---- Information provided

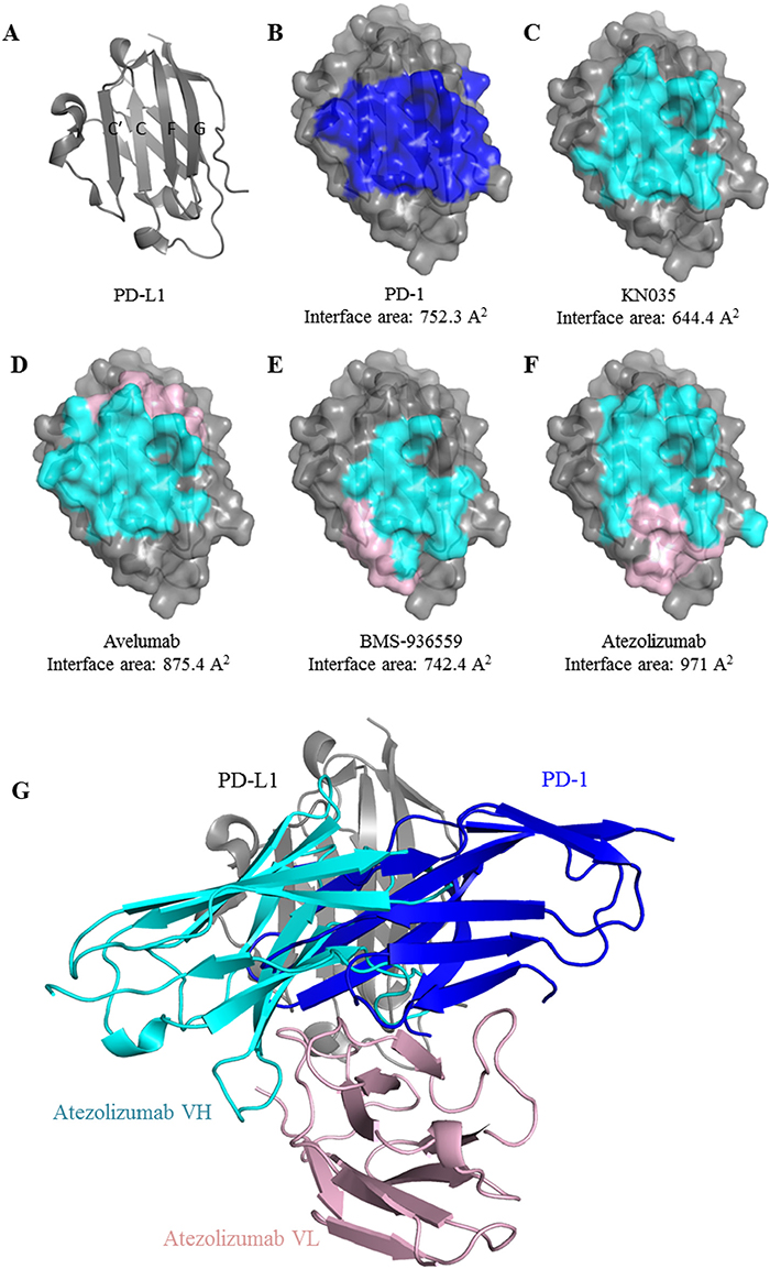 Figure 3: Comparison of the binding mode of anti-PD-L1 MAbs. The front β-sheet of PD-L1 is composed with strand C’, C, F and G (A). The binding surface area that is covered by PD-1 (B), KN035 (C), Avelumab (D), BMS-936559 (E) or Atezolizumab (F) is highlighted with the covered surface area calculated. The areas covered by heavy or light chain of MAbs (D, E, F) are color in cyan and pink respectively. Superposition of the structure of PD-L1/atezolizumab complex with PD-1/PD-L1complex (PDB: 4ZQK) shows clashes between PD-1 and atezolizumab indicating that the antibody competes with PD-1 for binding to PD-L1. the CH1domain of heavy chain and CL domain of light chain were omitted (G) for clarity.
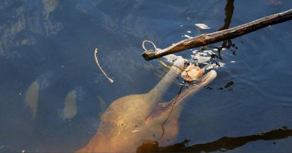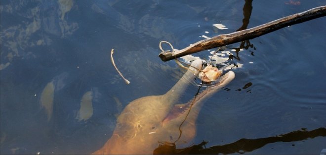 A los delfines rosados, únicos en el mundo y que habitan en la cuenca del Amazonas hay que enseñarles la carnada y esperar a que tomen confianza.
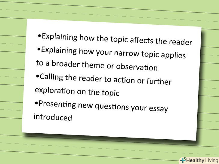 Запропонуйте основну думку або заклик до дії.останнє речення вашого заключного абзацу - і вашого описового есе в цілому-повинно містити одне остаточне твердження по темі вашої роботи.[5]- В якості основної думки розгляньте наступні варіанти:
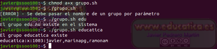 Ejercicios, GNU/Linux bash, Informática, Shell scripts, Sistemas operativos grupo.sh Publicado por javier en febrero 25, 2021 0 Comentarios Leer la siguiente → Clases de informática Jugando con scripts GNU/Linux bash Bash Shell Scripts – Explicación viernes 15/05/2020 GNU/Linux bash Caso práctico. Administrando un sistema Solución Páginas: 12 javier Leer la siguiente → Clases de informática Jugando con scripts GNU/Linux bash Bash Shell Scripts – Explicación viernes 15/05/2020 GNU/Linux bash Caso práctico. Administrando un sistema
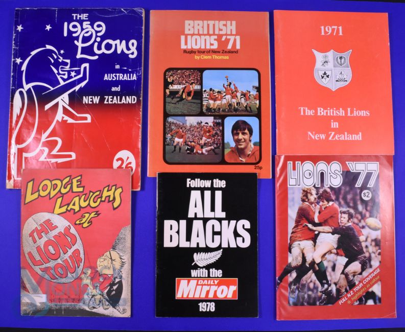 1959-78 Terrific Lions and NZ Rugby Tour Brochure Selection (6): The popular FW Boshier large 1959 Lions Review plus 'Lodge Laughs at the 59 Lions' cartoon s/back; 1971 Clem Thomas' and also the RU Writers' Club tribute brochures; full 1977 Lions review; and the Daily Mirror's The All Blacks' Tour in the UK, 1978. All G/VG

--------

__Task statement__. Give again, word for word, only the lines from the line containing "A los delfines" through the last line above, both included; leave the pictures out.

__The completed task__.
 A los delfines rosados, únicos en el mundo y que habitan en la cuenca del Amazonas hay que enseñarles la carnada y esperar a que tomen confianza.
 Запропонуйте основну думку або заклик до дії.останнє речення вашого заключного абзацу - і вашого описового есе в цілому-повинно містити одне остаточне твердження по темі вашої роботи.[5]- В якості основної думки розгляньте наступні варіанти:
 Ejercicios, GNU/Linux bash, Informática, Shell scripts, Sistemas operativos grupo.sh Publicado por javier en febrero 25, 2021 0 Comentarios Leer la siguiente → Clases de informática Jugando con scripts GNU/Linux bash Bash Shell Scripts – Explicación viernes 15/05/2020 GNU/Linux bash Caso práctico. Administrando un sistema Solución Páginas: 12 javier Leer la siguiente → Clases de informática Jugando con scripts GNU/Linux bash Bash Shell Scripts – Explicación viernes 15/05/2020 GNU/Linux bash Caso práctico. Administrando un sistema
 1959-78 Terrific Lions and NZ Rugby Tour Brochure Selection (6): The popular FW Boshier large 1959 Lions Review plus 'Lodge Laughs at the 59 Lions' cartoon s/back; 1971 Clem Thomas' and also the RU Writers' Club tribute brochures; full 1977 Lions review; and the Daily Mirror's The All Blacks' Tour in the UK, 1978. All G/VG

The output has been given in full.